Exactly reproduce the line containing "Dziś w naszej" and all later lines to the end of the entries, leaving the pictures out of your copy.
________________________
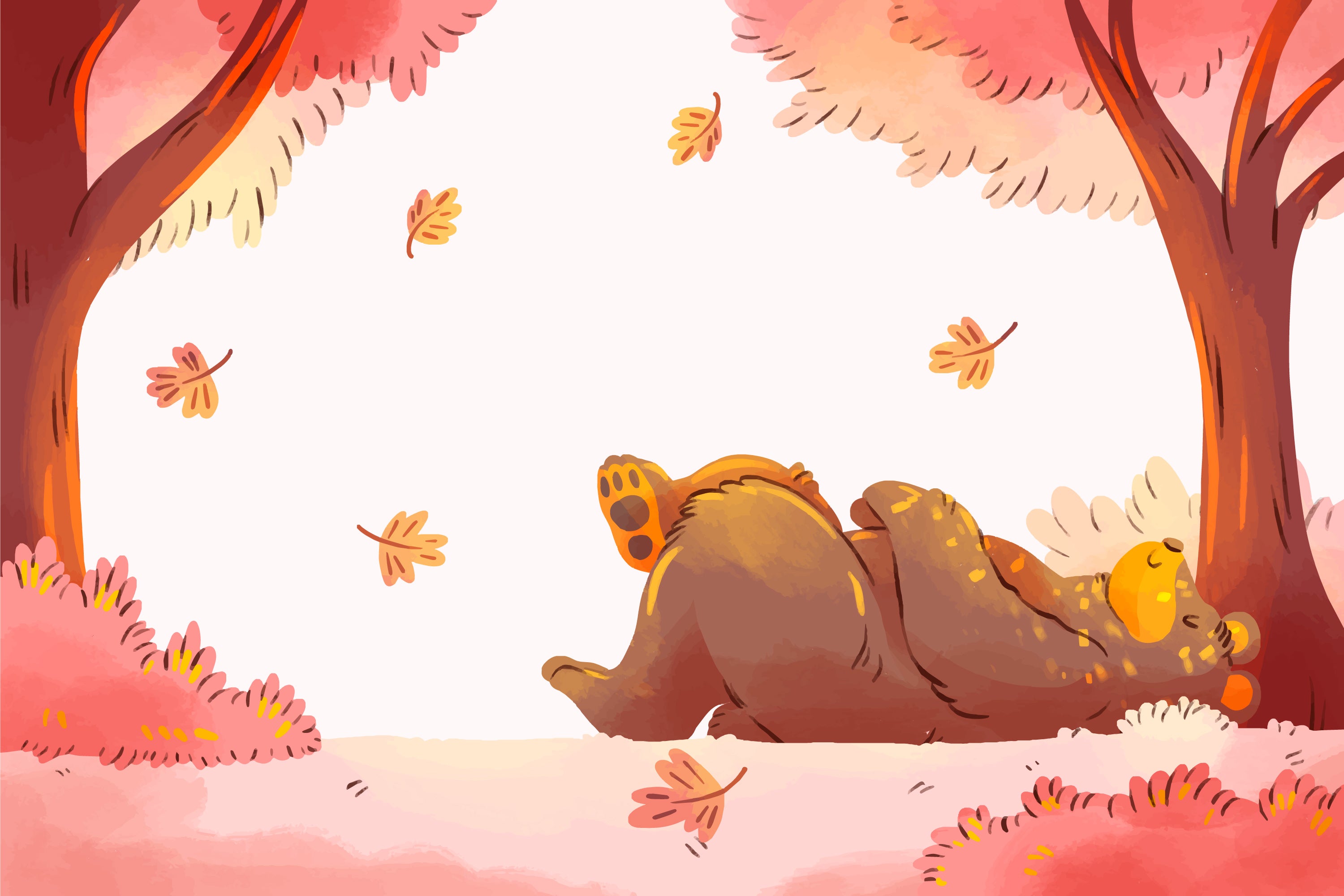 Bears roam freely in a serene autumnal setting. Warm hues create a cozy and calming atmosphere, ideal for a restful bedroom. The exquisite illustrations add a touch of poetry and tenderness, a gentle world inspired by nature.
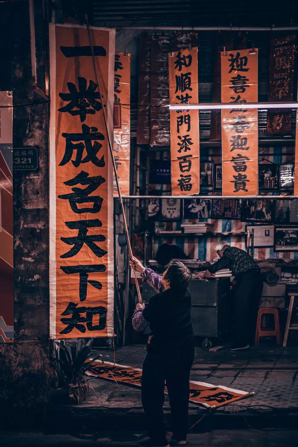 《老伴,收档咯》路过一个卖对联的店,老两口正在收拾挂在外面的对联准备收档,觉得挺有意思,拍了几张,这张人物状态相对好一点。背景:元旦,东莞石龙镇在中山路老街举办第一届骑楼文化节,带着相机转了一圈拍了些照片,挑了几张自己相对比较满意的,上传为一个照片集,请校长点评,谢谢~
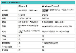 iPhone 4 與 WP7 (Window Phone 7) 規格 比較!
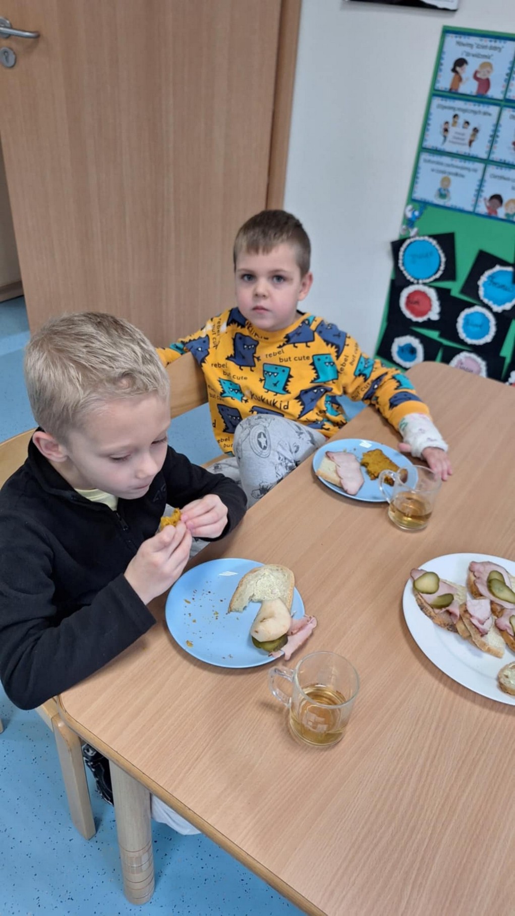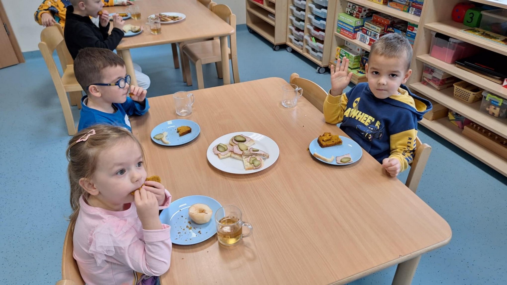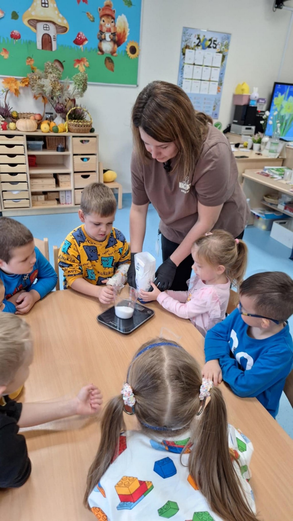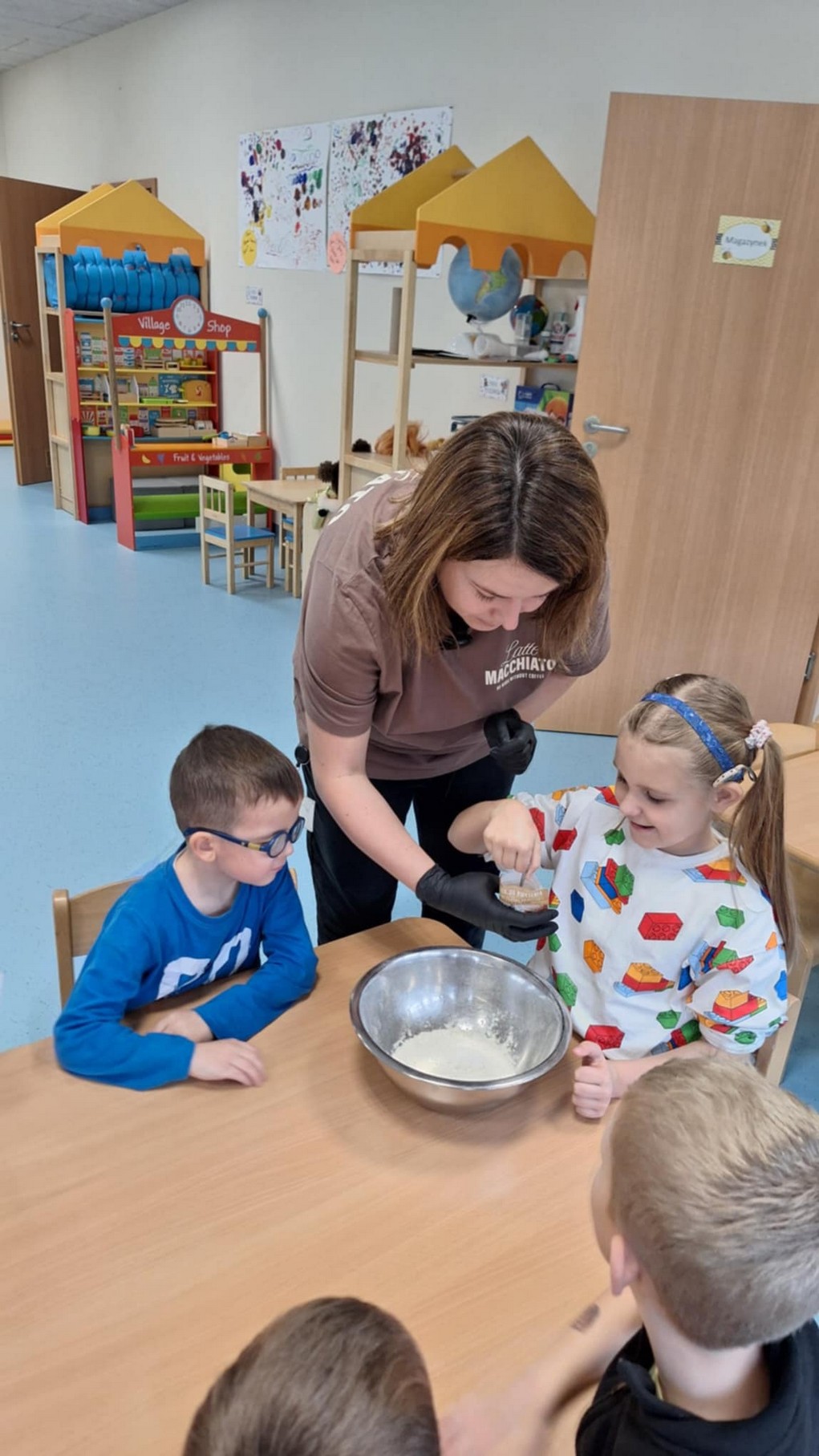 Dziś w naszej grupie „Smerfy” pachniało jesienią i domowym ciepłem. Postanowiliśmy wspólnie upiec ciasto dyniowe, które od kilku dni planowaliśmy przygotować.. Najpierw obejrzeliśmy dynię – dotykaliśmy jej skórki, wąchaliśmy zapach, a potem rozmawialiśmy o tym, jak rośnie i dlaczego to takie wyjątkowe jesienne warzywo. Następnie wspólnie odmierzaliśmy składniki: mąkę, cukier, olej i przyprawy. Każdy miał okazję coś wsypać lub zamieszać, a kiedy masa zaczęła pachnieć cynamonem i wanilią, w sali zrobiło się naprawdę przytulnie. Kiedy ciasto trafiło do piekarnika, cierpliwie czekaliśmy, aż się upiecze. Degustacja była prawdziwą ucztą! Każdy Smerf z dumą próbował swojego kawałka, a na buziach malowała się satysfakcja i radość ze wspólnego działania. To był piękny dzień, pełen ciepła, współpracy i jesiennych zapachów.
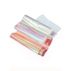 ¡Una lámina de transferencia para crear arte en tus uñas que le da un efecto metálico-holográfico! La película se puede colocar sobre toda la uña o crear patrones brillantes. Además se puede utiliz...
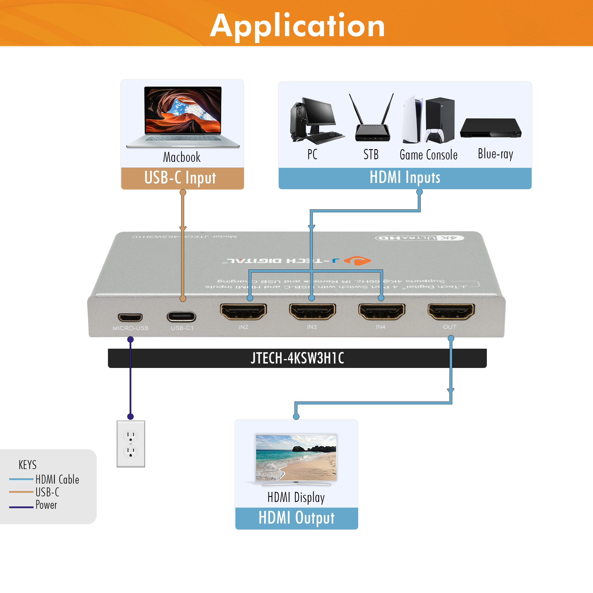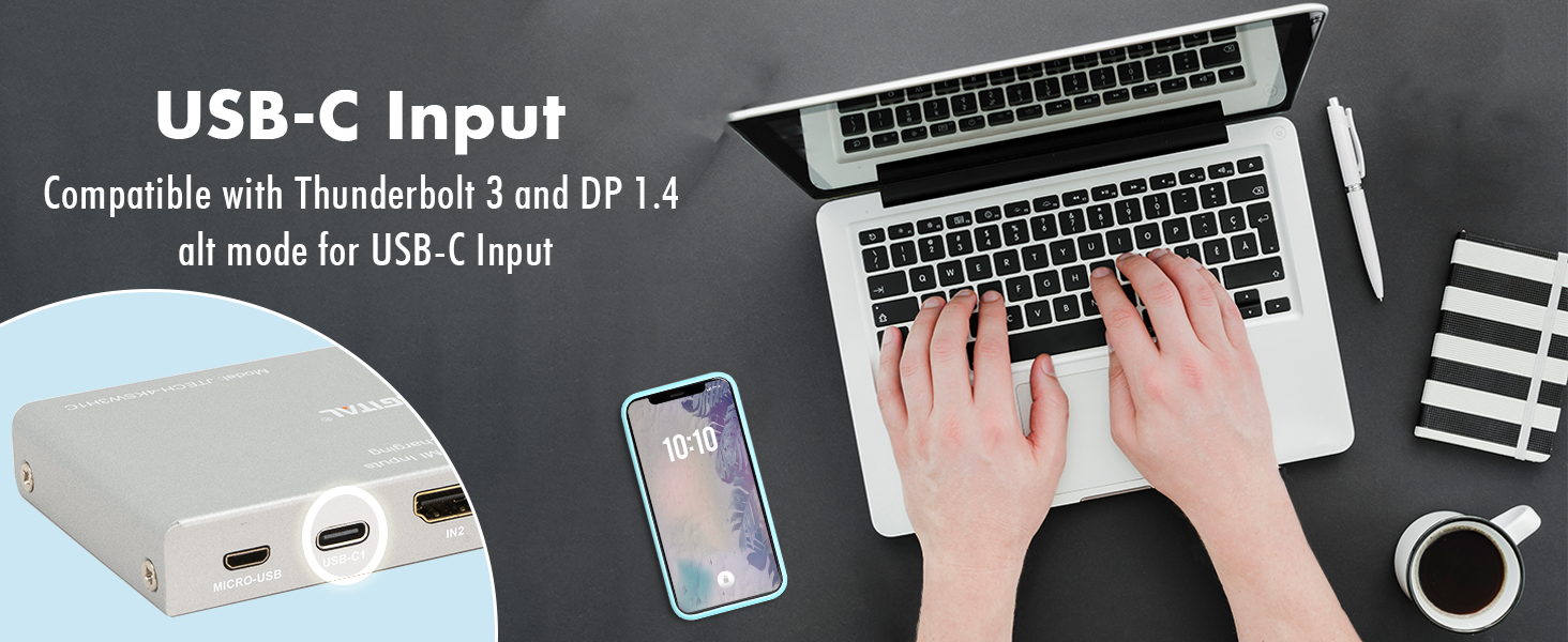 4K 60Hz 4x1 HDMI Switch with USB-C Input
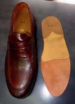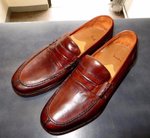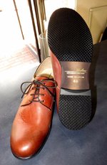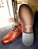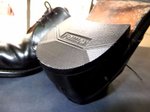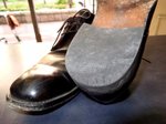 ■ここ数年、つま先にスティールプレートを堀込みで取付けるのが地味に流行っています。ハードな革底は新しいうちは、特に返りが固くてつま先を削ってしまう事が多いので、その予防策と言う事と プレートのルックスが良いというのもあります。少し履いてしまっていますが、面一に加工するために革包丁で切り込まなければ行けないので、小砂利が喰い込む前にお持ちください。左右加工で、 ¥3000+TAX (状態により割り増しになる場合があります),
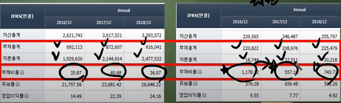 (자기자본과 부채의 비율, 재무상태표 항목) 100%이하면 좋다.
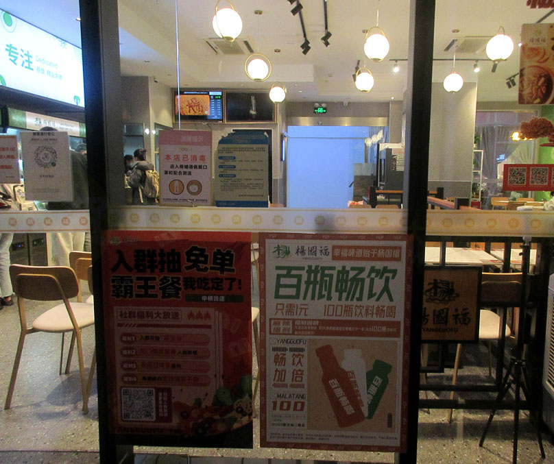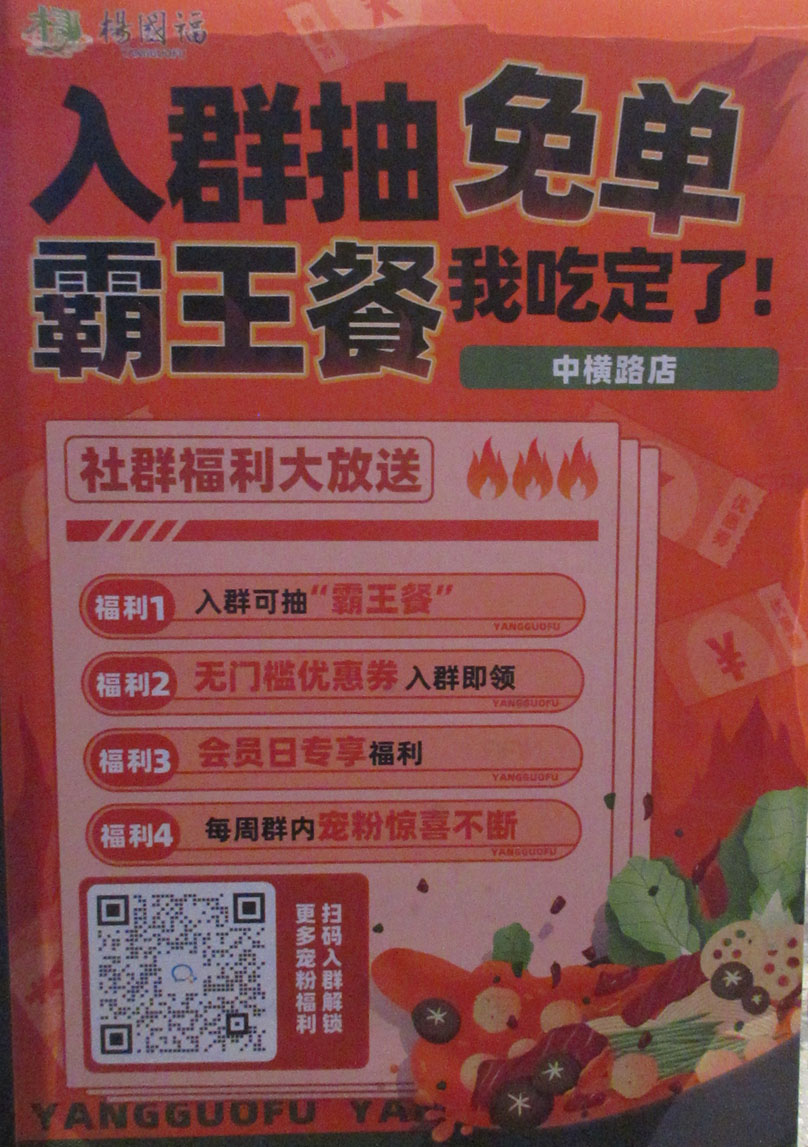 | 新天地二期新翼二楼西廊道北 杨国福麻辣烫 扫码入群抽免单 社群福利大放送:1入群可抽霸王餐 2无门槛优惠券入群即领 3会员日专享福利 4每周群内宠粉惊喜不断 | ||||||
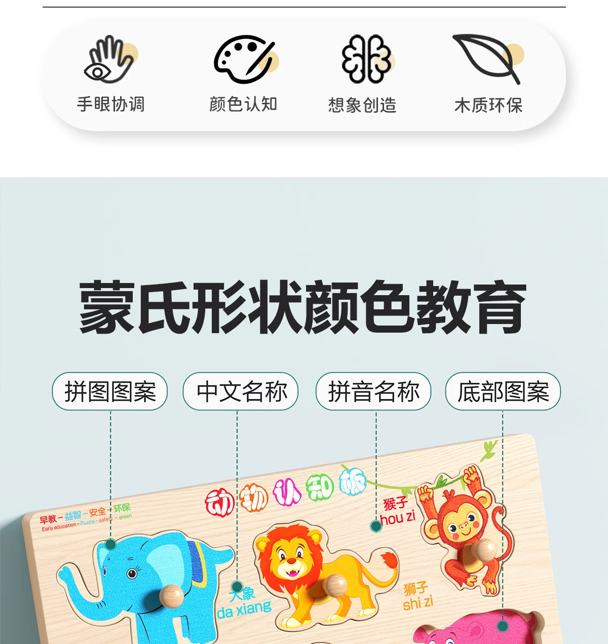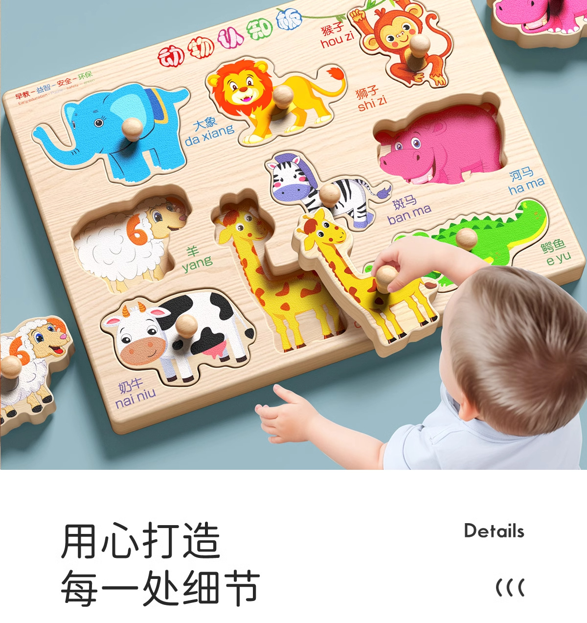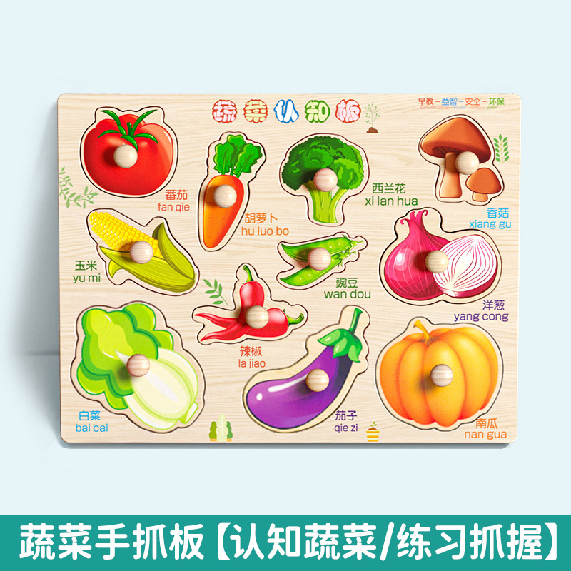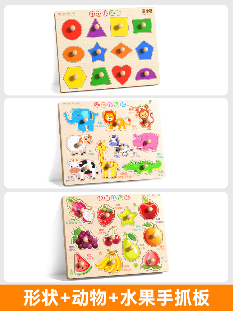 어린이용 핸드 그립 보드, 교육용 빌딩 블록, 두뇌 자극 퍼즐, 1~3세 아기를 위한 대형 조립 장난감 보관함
________________________
• [Response area]:
 Dziś w naszej grupie „Smerfy” pachniało jesienią i domowym ciepłem. Postanowiliśmy wspólnie upiec ciasto dyniowe, które od kilku dni planowaliśmy przygotować.. Najpierw obejrzeliśmy dynię – dotykaliśmy jej skórki, wąchaliśmy zapach, a potem rozmawialiśmy o tym, jak rośnie i dlaczego to takie wyjątkowe jesienne warzywo. Następnie wspólnie odmierzaliśmy składniki: mąkę, cukier, olej i przyprawy. Każdy miał okazję coś wsypać lub zamieszać, a kiedy masa zaczęła pachnieć cynamonem i wanilią, w sali zrobiło się naprawdę przytulnie. Kiedy ciasto trafiło do piekarnika, cierpliwie czekaliśmy, aż się upiecze. Degustacja była prawdziwą ucztą! Każdy Smerf z dumą próbował swojego kawałka, a na buziach malowała się satysfakcja i radość ze wspólnego działania. To był piękny dzień, pełen ciepła, współpracy i jesiennych zapachów.
 ¡Una lámina de transferencia para crear arte en tus uñas que le da un efecto metálico-holográfico! La película se puede colocar sobre toda la uña o crear patrones brillantes. Además se puede utiliz...
 4K 60Hz 4x1 HDMI Switch with USB-C Input
 ■ここ数年、つま先にスティールプレートを堀込みで取付けるのが地味に流行っています。ハードな革底は新しいうちは、特に返りが固くてつま先を削ってしまう事が多いので、その予防策と言う事と プレートのルックスが良いというのもあります。少し履いてしまっていますが、面一に加工するために革包丁で切り込まなければ行けないので、小砂利が喰い込む前にお持ちください。左右加工で、 ¥3000+TAX (状態により割り増しになる場合があります),
 (자기자본과 부채의 비율, 재무상태표 항목) 100%이하면 좋다.
 | 新天地二期新翼二楼西廊道北 杨国福麻辣烫 扫码入群抽免单 社群福利大放送:1入群可抽霸王餐 2无门槛优惠券入群即领 3会员日专享福利 4每周群内宠粉惊喜不断 | ||||||
 어린이용 핸드 그립 보드, 교육용 빌딩 블록, 두뇌 자극 퍼즐, 1~3세 아기를 위한 대형 조립 장난감 보관함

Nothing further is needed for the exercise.